[Data extracted from a collection]
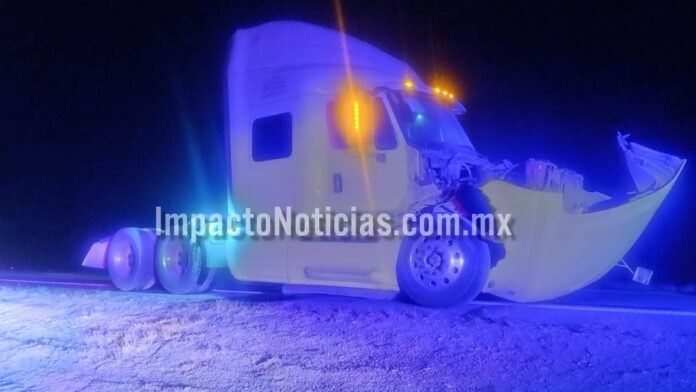 Tras esta acción, el tractocamión salió de la carretera e impactó contra un señalamiento vial tipo “fantasma”, causando daños en la parte frontal de la unidad.
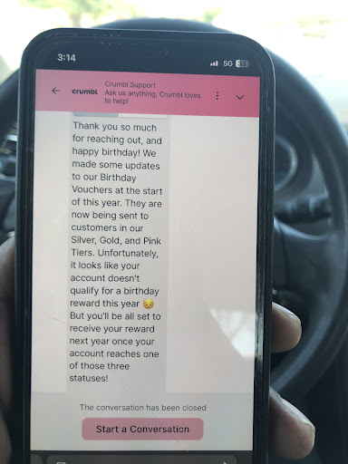 Read moreI ordered some cookies via the app and never ended up getting them due to getting sick that day. My card had been charged anyway the next day. I called the store to get my money back and some woman answered and just sounded put out. I explained what happened and her response was “Well, you can still pick them up anytime”. That really wasn’t the response I was looking for. A simple “No problem, I will refund your card” would have been just fine. She then said I could have cancelled the order myself via the app. I explained I didn’t need or want the cookies anymore at this point anyway and her answer was that it would take “five to seven days” to get refunded. I don’t know, it just seemed like she was trying anything she could to deter me on getting a refund and to have me initiate my own refund myself. Just lazy customer service support with a bad attitude. She finally asked for the last four of my debit and said she refunded me, which is all she had to do in the first place instead of the runaround. Others have complained about trash customer service too so I see it isn’t only me. After a full seven days, my card still had not been refunded and I had to do a chargeback with my bank. I also lost my rewards on the transaction because I was redeeming a free three-count mini. The points were never put back on the account even though the transaction was cancelled. Won’t be ordering anything from this...
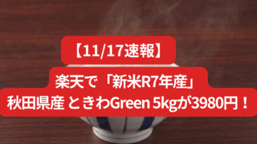 【11/17速報】楽天で「新米R7年産」 秋田県産 ときわGreen 5kgが3980円
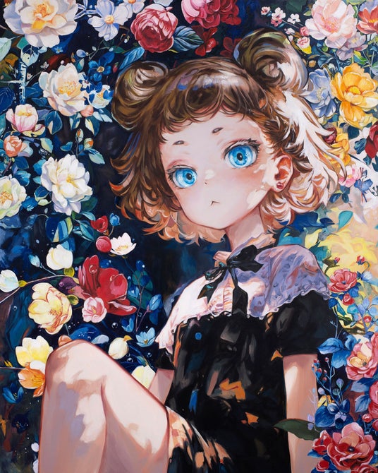 韓国・ソウルを拠点に活動するアーティストJade Kimは、妻の幼少期をモチーフにした"MIN"というキャラクターを絵画や彫刻で表現しています。妻との会話や彼女が見た夢や好きなもの、社会問題などからインスピレーションを受け制作を続けています。Jade Kimの作品には、人間関係の調和を表す要素として色とりどりの花が描かれています。そこには花を直感的に美しいと感じるように、自分の作品も鑑賞者にとって良い感情を引き出すものであってほしいという作家の願いが込められています。
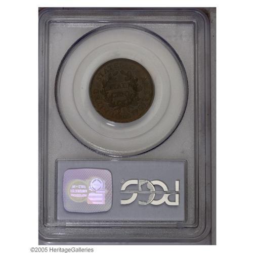 <B>1804<1/2 C> Spiked Chin MS62 Brown PCGS.</B></I> B-7, C-8, R.1. The final Spiked Chin die marriage, quickly identified by the die crack through the R in AMERICA. This more advanced die state displays a lengthy cud over LIBE, stopping before the R in LIBERTY. Smooth chestnut-brown surfaces with tinges of underlying red.
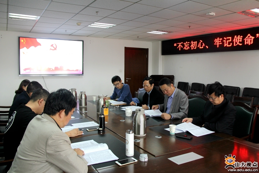 [本站讯]10月28日,儒学高等研究院领导班子“不忘初心、牢记使命”主题教育调查研究成果汇报交流会在中心校区知新楼举行。研究院党委书记李平生主持会议,执行院长王学典和班子全体成员参加会议,学校主题教育第四指导组成员到会指导。
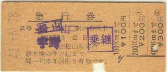 同上。 乗り継ぎ急行券300円。 | |
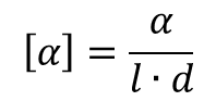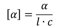 gdzie pierwszy wzór stosuje się w przypadku roztworów, a drugi czystych substancji. α to obserwowana skręcalność, l to długość kuwety w decymetrach, c stężenie w gramach na mililitr, a d to gęstość w tych samych jednostkach.
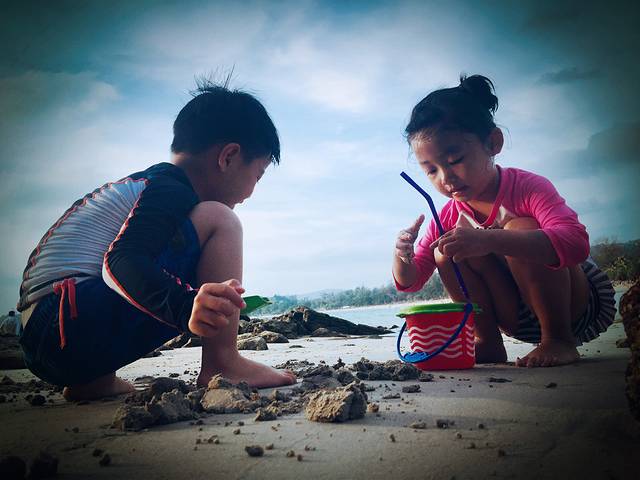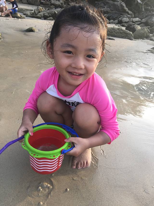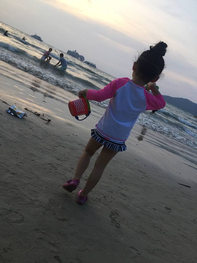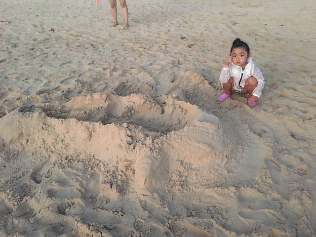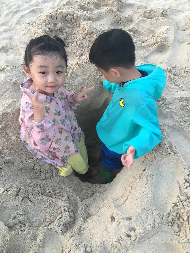晚上带着装备去海滩,孩子们已经没有往海里蹦的兴趣啦,开始挖沙子~
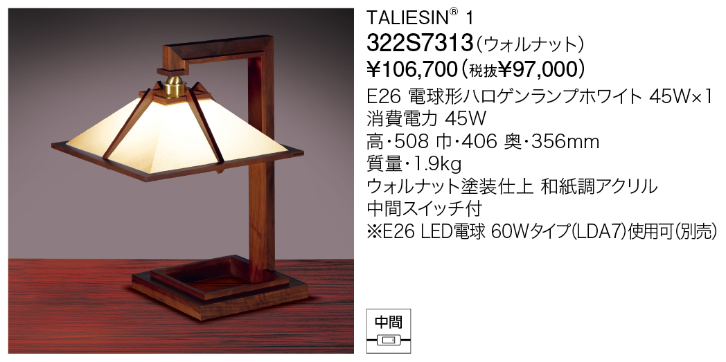 タリアセン1は、ウィスコンシン州、スプリング・グリーン、タリアセンにあるフランク・ロイド・ライトの夏の家のためにデザインされた照明器具です。ライトの建築造形形態のひとつである方形屋根がデザインに取り入れられ、まるでタリアセン内部に小さな建物があるかのように見えます。この照明器具はライトのクライアントにも気に入られ、以降彼の設計した住宅でもしばしば使用されることになりました。
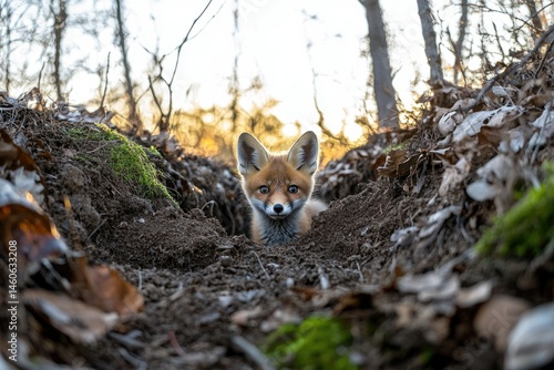 © imagepocket, Fototapeta premium A curious red fox kit peeks from its den in a sunlit forest.
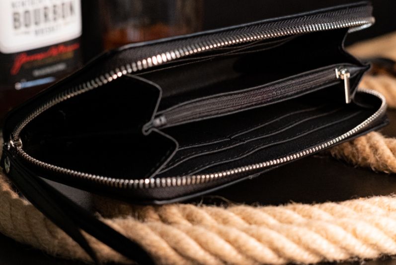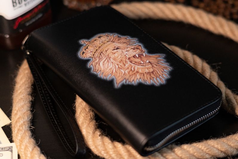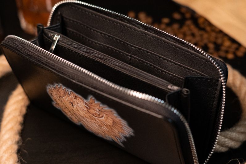 Шкіряний гаманець на блискавці. Розмір виробу 20*10 см. На гаманці закріплений зручний шкіряний ремінець для носіння на зап'ясті. Усередині 12 відділень для карток, монетниця на блискавці, 3 відділення для купюр. Малюнок нанесений за технологією ультрафіолетового друку. Це інноваційна технологія, що малюнок тримається на шкірі дуже довго, зберігає яскравий колір. Гаманець упакований у подарункову фірмову упаковку.

[What the task requires]
Write out exactly and only the lines that run from the start of the data above through the line containing "<B>1804<1/2 C> Spiked", leaving the pictures out.

[Exercise solution]
 Tras esta acción, el tractocamión salió de la carretera e impactó contra un señalamiento vial tipo “fantasma”, causando daños en la parte frontal de la unidad.
 Read moreI ordered some cookies via the app and never ended up getting them due to getting sick that day. My card had been charged anyway the next day. I called the store to get my money back and some woman answered and just sounded put out. I explained what happened and her response was “Well, you can still pick them up anytime”. That really wasn’t the response I was looking for. A simple “No problem, I will refund your card” would have been just fine. She then said I could have cancelled the order myself via the app. I explained I didn’t need or want the cookies anymore at this point anyway and her answer was that it would take “five to seven days” to get refunded. I don’t know, it just seemed like she was trying anything she could to deter me on getting a refund and to have me initiate my own refund myself. Just lazy customer service support with a bad attitude. She finally asked for the last four of my debit and said she refunded me, which is all she had to do in the first place instead of the runaround. Others have complained about trash customer service too so I see it isn’t only me. After a full seven days, my card still had not been refunded and I had to do a chargeback with my bank. I also lost my rewards on the transaction because I was redeeming a free three-count mini. The points were never put back on the account even though the transaction was cancelled. Won’t be ordering anything from this...
 【11/17速報】楽天で「新米R7年産」 秋田県産 ときわGreen 5kgが3980円
 韓国・ソウルを拠点に活動するアーティストJade Kimは、妻の幼少期をモチーフにした"MIN"というキャラクターを絵画や彫刻で表現しています。妻との会話や彼女が見た夢や好きなもの、社会問題などからインスピレーションを受け制作を続けています。Jade Kimの作品には、人間関係の調和を表す要素として色とりどりの花が描かれています。そこには花を直感的に美しいと感じるように、自分の作品も鑑賞者にとって良い感情を引き出すものであってほしいという作家の願いが込められています。
 <B>1804<1/2 C> Spiked Chin MS62 Brown PCGS.</B></I> B-7, C-8, R.1. The final Spiked Chin die marriage, quickly identified by the die crack through the R in AMERICA. This more advanced die state displays a lengthy cud over LIBE, stopping before the R in LIBERTY. Smooth chestnut-brown surfaces with tinges of underlying red.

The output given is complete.